1,181 posts, read 2,707,339 times
Reputation: 1782
Quote:
Originally Posted by helpingfalcon View Post
I dont get it.. I just always have dreams of only doing this to her.. I have like this deep angry and hatred for her. I don't know why, even when she in in the same room as me, I can't even stay in the same room because I get these feelings and rage inside me which I hold in. So I get up and walk away and maybe even take a long walk to steam off the anger, I don't know why I just find her annoying.
1. You need to forgive, both your mother and yourself. Forgiveness does NOT mean condoning the behavior or excusing it. But, for your oiwn sake, to be able to start getting past the anger (which may be totally justified) you need to forgive. That won't be easy and may take time but is imperative.
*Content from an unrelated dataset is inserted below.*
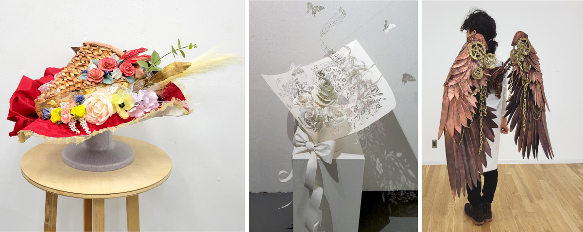 右:2年次修了制作 画用紙を金属に見立て制作した翼

2. Talk to somone one trained to deal with mental health issues about your feelings and fantasies. They may be understandable but are not mentally healthy and seem to be obsessive from your posts. They need to be dealt with and this requires professional help not just people's opinions on the internet. If money's an issue there are resources.

3. You may have to move out even if moving means living with another relative or with several roommates as well as finding full time work to pay your way even if you are in school ( many have done this and so can you).

The worst thing you can do is act the victim or, God forbid, get so caught yo in your fantasies that you act them out in reality. Take positive steps to change things!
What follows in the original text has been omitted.